Recently, a large number of delay lines is used for timing adjustment and the like in a semiconductor device. For example, a double data rate (DDR) is known as a standard for connecting a central processing unit (controller) and an external memory (DIMM), and standards such as a DDR2, a DDR3, and a DDR4 have been developed in keeping with a higher speed of data transfer.
In the DDR standard, strict timing specifications have been defined for various electrical signals exchanged with a memory when reading data from a memory and writing data to a memory. In addition, a variance within a certain range is assumed in a timing in which a signal is received from the memory. In a semiconductor device that operates in accordance with the DDR standard, a large number of delay lines are used in a memory controller in order to finely adjust a timing of an electrical signal.
In the delay line, a large number of buffer circuits (delay elements), each of which causing a minute delay, are provided so as to be connected in series, such that a desired delay amount is obtained by adjusting the number of buffer circuits connected (passed through). A delay amount of one delay element corresponds to a resolving power to set delay for a delay line. In order to set a delay amount with a high degree of accuracy, a delay amount for each of the delay elements is set to a small value. To obtain a large maximum delay amount, the number of connected delay elements is increased. Thus, a high accuracy delay line with a large maximum delay amount involves a complex circuit and an increased circuit scale.
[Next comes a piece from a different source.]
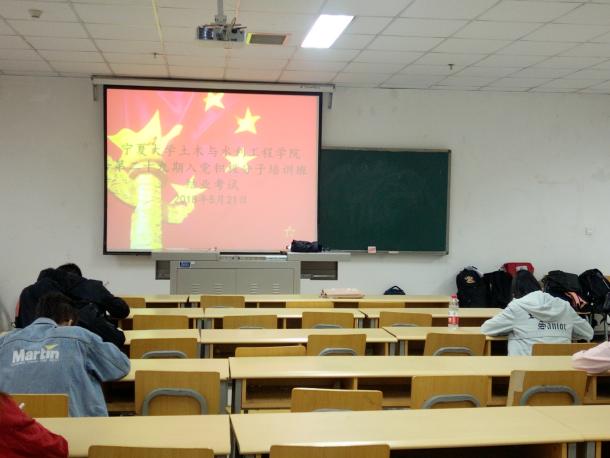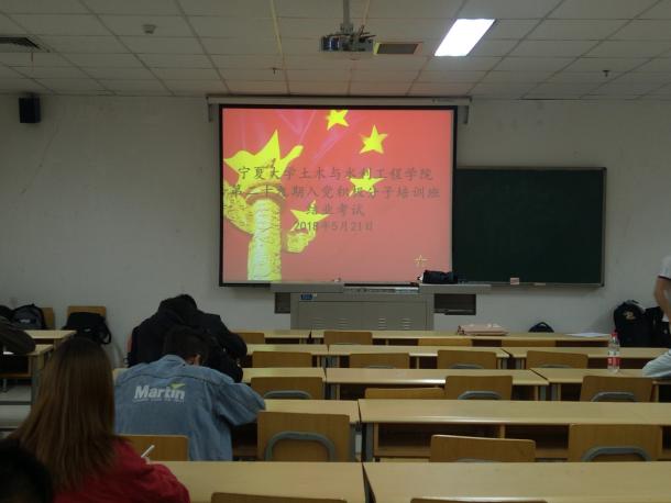 第二十九期入党积极分子党课结业考试在文萃校区二教106教室举行。共计60名入党积极分子参加此次考试。监考成员由部分学生党员担任。

The delay line is a circuit that outputs an input signal after delaying the signal for a certain amount of time. The delay line is thus a buffer (or inverter) logically. In an inspection for shipping, etc., not only a logical test of the delay line, but also a reasonableness test of a delay (accuracy of a delay amount per stage of a delay element) is called for.
A method using a scan circuit is known as a method for measuring a delay amount. However, a delay amount and setting resolution desired for a delay line are very small values compared to a clock cycle of a circuit, making it difficult to measure a delay in a delay line accurately.
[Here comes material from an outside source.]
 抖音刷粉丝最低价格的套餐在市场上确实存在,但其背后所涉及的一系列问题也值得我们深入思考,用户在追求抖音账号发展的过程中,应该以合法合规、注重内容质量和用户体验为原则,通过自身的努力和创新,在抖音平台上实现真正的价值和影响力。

For the reasons described above, there is an issue of a failure being difficult to detect if bits adjacent to each other in a delay line delay setting signal are short-circuited. This is because it is difficult to detect a difference between delay setting signals next to each other, as the difference of the amount of delay to be set is still small. There are other types of failures in a delay line, and it is desirable that a delay is accurately measured in each case.
The followings are reference documents.
[Document 1] Japanese Laid-open Patent Publication No. 2000-285144,
[Document 2] Japanese Laid-open Patent Publication No. 2013-152249, and
[Document 3] Japanese Laid-open Patent Publication No. 2003-60489.